Shoes off, socked feet pulled up on to the sofa and blond hair tied back into a loose bun, the easy-going 31-year-old seems very much at home when we meet on the top floor of the group’s 76 Dean Street property to discuss Soho Home, the new foray into the homewares market, a selection of which is now available on MR PORTER.
“Naturally, this is quite different to what you’d expect from Barcelona,” he says, gesturing towards his oak-panelled surroundings. “And we have something different again in mind for Amsterdam, which will be housed in a beautiful old art nouveau bank. That’s both the challenge and the beauty of it: we’re never working from a blank canvas.”
These nuances in house style are built into the Soho Home brand, which is currently split into five ranges – Chicago, Farmhouse, Babington, High Road and New York – with each range comprising pieces that you’ll find in the corresponding house.

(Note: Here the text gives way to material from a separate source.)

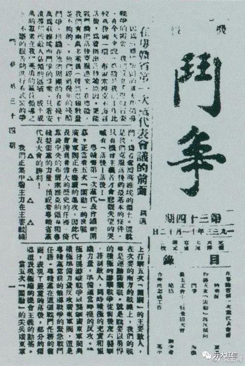 1933年11月5日,刘少奇主持中央苏区农业工会十二县查田大会,并作总结报告。图为《斗争》第34期刊登的目录。

By browsing the Chicago range, for instance, you’ll see the same velvet and mohair sofas and hand-decorated china that give richness and character to the industrial, warehousey feel of Soho House Chicago. In the Farmhouse range are the same cashmere throws that you’ll find dotted around the fire pit in deepest rural Oxfordshire. And as new houses open, new Soho Home ranges will become available to the public.

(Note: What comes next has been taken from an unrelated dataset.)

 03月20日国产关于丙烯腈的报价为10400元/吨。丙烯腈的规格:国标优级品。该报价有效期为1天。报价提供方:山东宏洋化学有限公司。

“The idea for Soho Home actually came about quite organically,” says Mr Waterworth. “Every time we’d open a new house, people would ask us – or, more specifically, Nick – where he got this piece or that, where he sourced the antiques, or where the glassware was made. We were never able to give them an answer, as all of our pieces are custom-made. But it just made sense to offer it to everyone: we were already doing the product development, and we had good suppliers. All we needed to do was to scale it up.”

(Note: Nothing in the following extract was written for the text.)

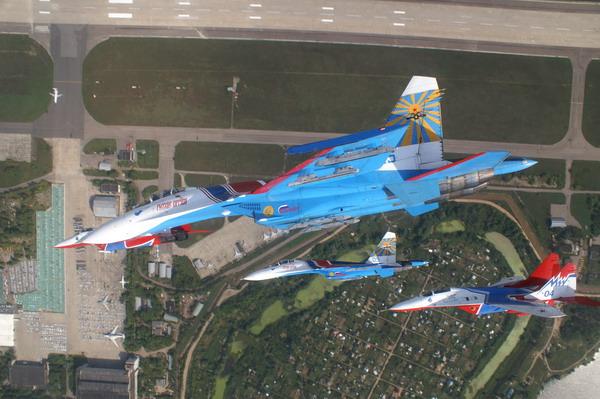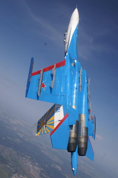 “俄罗斯勇士”成立于1991年,是俄罗斯空军的外交型表演队,采用苏-27战斗机的改进型苏-27UB,是世界上唯一使用重型战斗机表演的飞行队。苏-27是公认的世界现役战斗机中机动性能最好的战斗机之一,而“勇士”们则将其优异性能发挥得淋漓尽致。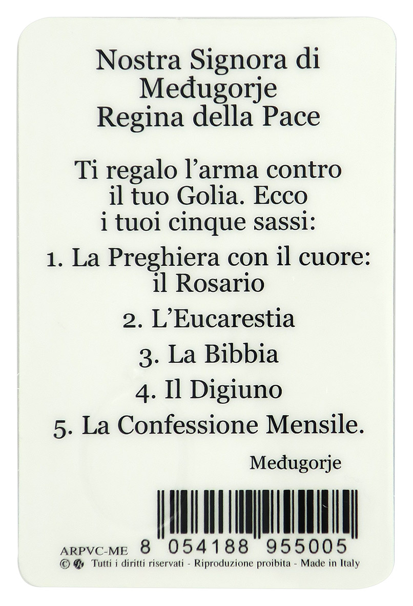 Card Madonna di Megjugorje in PVC - 5,5 x 8,5 cm - italiano

One of the benefits of the group’s meandering route to the retail market is that every product has already been tried and tested to destruction. The sofas have been sat on thousands of times; the tableware has been endlessly knocked about and washed and dried and polished. “Soho House venues get such a battering,” says Mr Waterworth. “If a product can survive here, it can survive anywhere.”
Another – no less rigorous – form of quality control exists in the form of Mr Nick Jones himself, who personally oversees and signs off on every product. “He has an incredible eye for design,” says Mr Waterworth, who still remembers handing over the keys to Soho Beach House Miami, his first project for the brand, back in 2010 when he was working for interior designer Mr Martin Brudnizki. “I remember the day Nick arrived to sign off on the project. He walked through the whole building in silence. I don’t think I’ve ever felt more nervous in my life,” he laughs. “He’s an incredibly gifted guy – the reason I joined Soho House.”


The question remains, however, how this expansion into the public market will affect the Soho House brand, which was built with an aura of exclusivity. “There may be a perception of exclusivity around the brand itself, but so many of our products have been out in the public realm for some time already,” says Mr Waterworth – and he’s right. The glassware has been in use at Cecconi’s (a Mayfair restaurant owned by Soho House & Co) for years. You can find the light fittings in Dean Street Townhouse. The bathroom fittings adorn the walls in the group’s Dirty Burger, Pizza East and Chicken Shop restaurants.
What Soho House and Mr Jones might very well have pulled off with the creation of Soho Home, then, is the holy grail of brand expansions: one that opens up an exclusive brand to the masses without making it appear any less exclusive. Non-members have the chance to buy into the Soho House lifestyle, while members – who still breathe the rarified air of their local Soho House club – can take the house home, too. It helps, of course, that the products are desirable in and of themselves. Now there’s no excuse not to join the club.